▶ _YOUR TASK_
Starting with the line that contains "Bath time will", repeat each line exactly through the final line of the listing. No picture should appear in the copy.
*** DATA EXTRACT ***
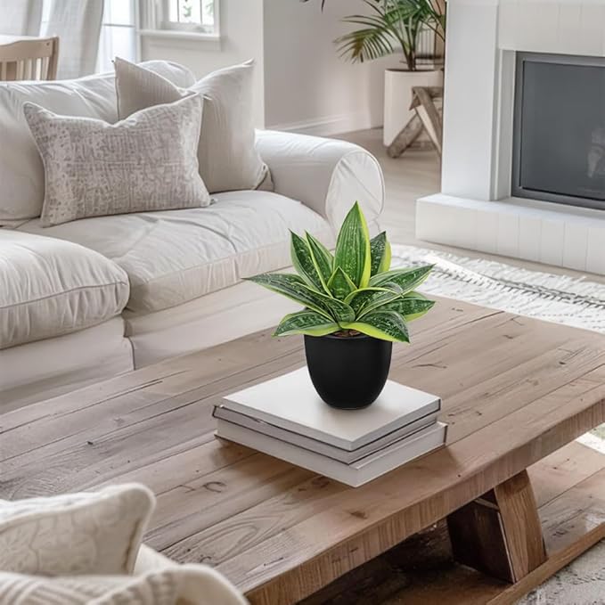 - Perfect Size: Faux snake plant in black pots total height: 9", plastic pot: 2.7 "W x 3.9 "H; Please read the dimensions carefully. Succulent agave plants artificial will easily catch you eyes, bring your home a vibrant sense of greenery
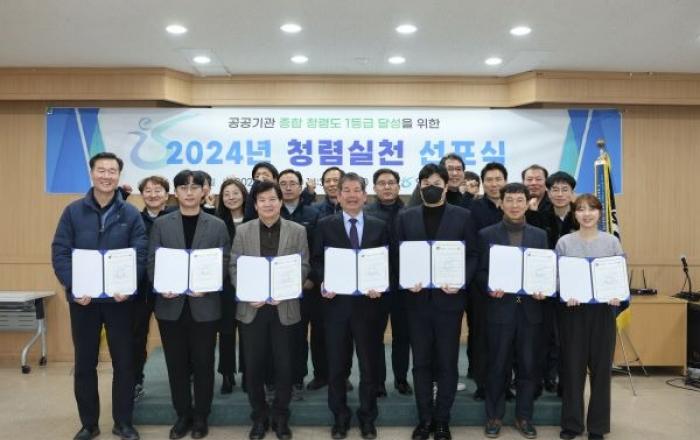 최계운 이장이 24일 본부 대회의실에서 3급이상 임・직원들 대상으로‘CEO 청렴 특강 및 청렴실천 선포식’을 개최했다고 밝혔다.이번 행사는 이사장이 직접 청렴 강사로 나서 투명한 조직문화 조성과 임직원의 청렴 윤리의식을 한층 높이고, 반부패 청렴실천 선포식을 통해 대
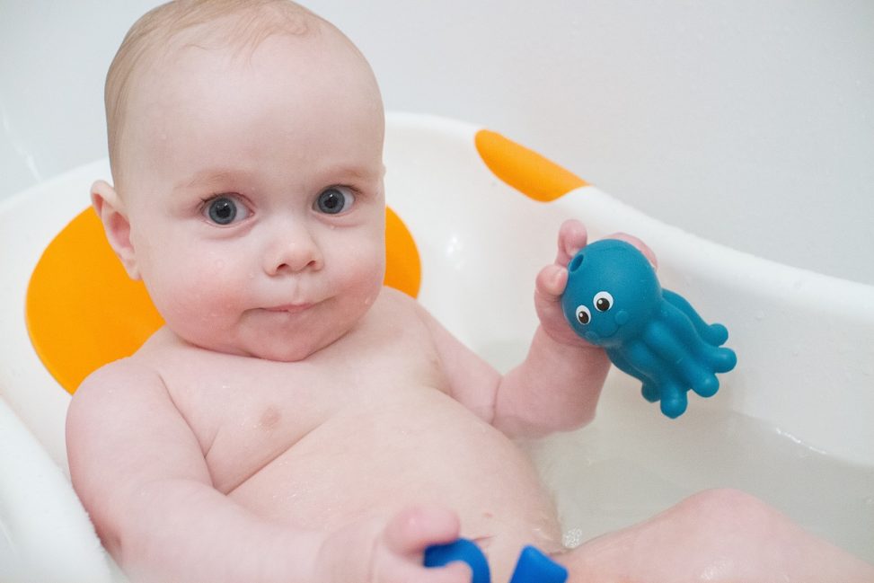 Bath time will never be the same now that he’s discovered squirty toys!
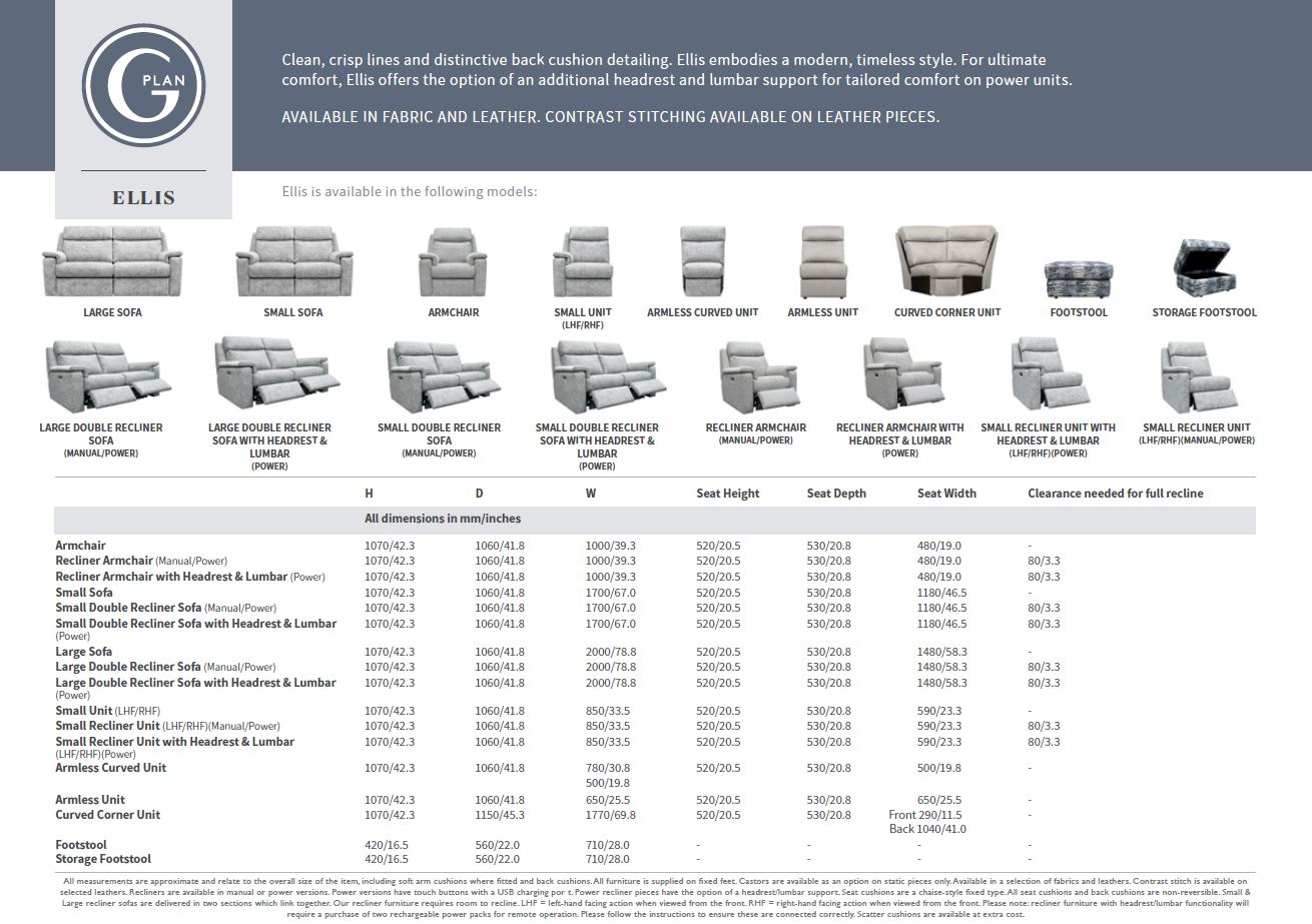 Clean, crisp lines and distinctive back cushion detailing. Ellis embodies a modern, timeless style. Stylish sweeping arms with soft indulgent arm pads cradle the luxurious deep seats. For ultimate comfort, Ellis offers the option of an additional headrest and lumbar support for tailored comfort on power units. Handy storage footstool option available. Premium foam arm pads offer additional comfort. Contrast stitching option available on selected leathers. Choose from a range of beautiful fabrics and leathers to suit your style. Also choose from corner modules to build a corner group sofa, with recliner options also available!
*** End of DATA EXTRACT ***
▶ _TASK ANSWER_
 Bath time will never be the same now that he’s discovered squirty toys!
 Clean, crisp lines and distinctive back cushion detailing. Ellis embodies a modern, timeless style. Stylish sweeping arms with soft indulgent arm pads cradle the luxurious deep seats. For ultimate comfort, Ellis offers the option of an additional headrest and lumbar support for tailored comfort on power units. Handy storage footstool option available. Premium foam arm pads offer additional comfort. Contrast stitching option available on selected leathers. Choose from a range of beautiful fabrics and leathers to suit your style. Also choose from corner modules to build a corner group sofa, with recliner options also available!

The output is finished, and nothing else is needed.